All he needs is tenants who will embrace his vision; people who will prune and tend and nurture the vine until it produces a harvest of plump, juicy vintage grapes.
Our turn as tenants
We now have the garden tools in our hands. We know what to do with them. We know what the Owner-planter expects:
“he expected justice, and righteousness“
This is not easy – vines are troublesome. The natural way for the world to be is a world of bloodshed and cries for mercy. But we are to be different.
We are the ones who have a vision of the Grand Design that stands behind day-to-day vineyard life. We have a vision of a world blessed by God with the wine of justice and righteousness.
A world of justice is a world in which no one is shut out; everyone is welcomed at the banquet table.
A world of justice is a world in which every plate has food on it.
And a world of righteousness is one in which there are no cries for help because no one is made a victim.
- The weak are protected,
- the vulnerable are looked after,
- the poor are not abused.
A world of justice and righteousness is one in which no one seeks unfair advantage at the expense of another – even when no one is watching.
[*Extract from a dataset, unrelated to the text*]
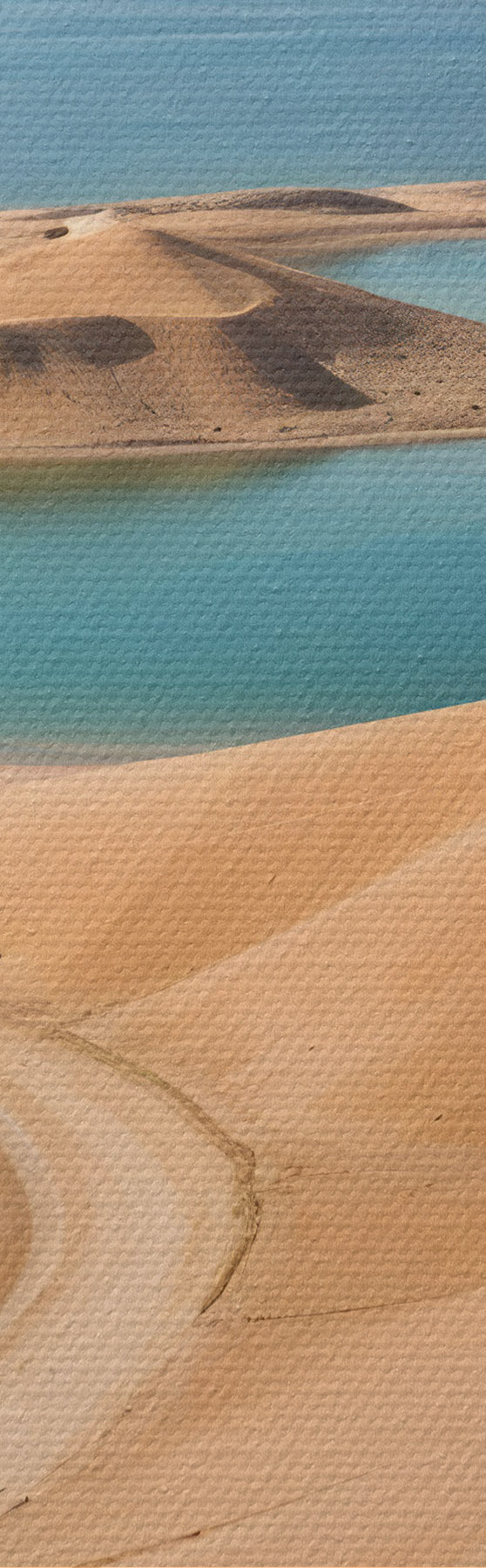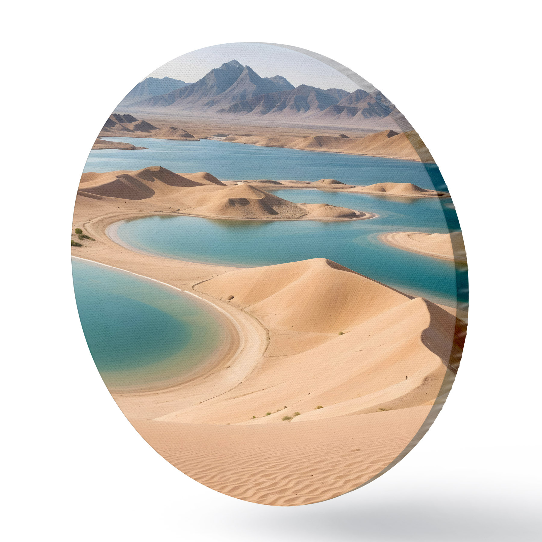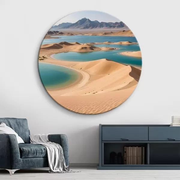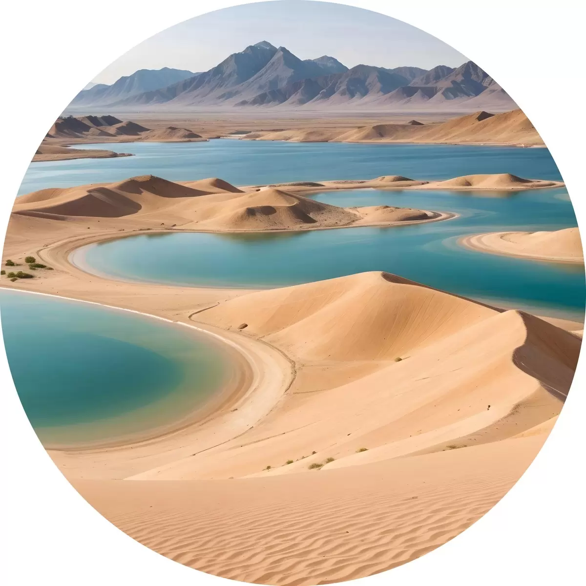 Nuotrauka Didžiulis dykumos kraštovaizdis su banguojančiomis kopomis ir turkio spalvos ežerais, apsuptas raižytų kalnų Nr r41087

A world of justice and righteousness is one in which no one sells a mortgage to someone who he knows cannot afford it, just because the law lets him, and his company rewards him for it.
A world of justice and righteousness is one in which no one cuts corners to save money by polluting the vineyard’s air, water and soil.
This is the blessed world that God intends – the blessing that he plans – the rich, complex, deeply satisfying wine of justice and righteousness.
“This is he Lord’s doing; and it is marvelous in our eyes.“
On this World Communion Sunday, we will come to the Lord’s table in anticipation of that great banquet day.
We will consider the injustices and unrighteousness of a world full of bloodshed and the cries of victims.
And we will commit ourselves to living according to the vision of the the world as it should be.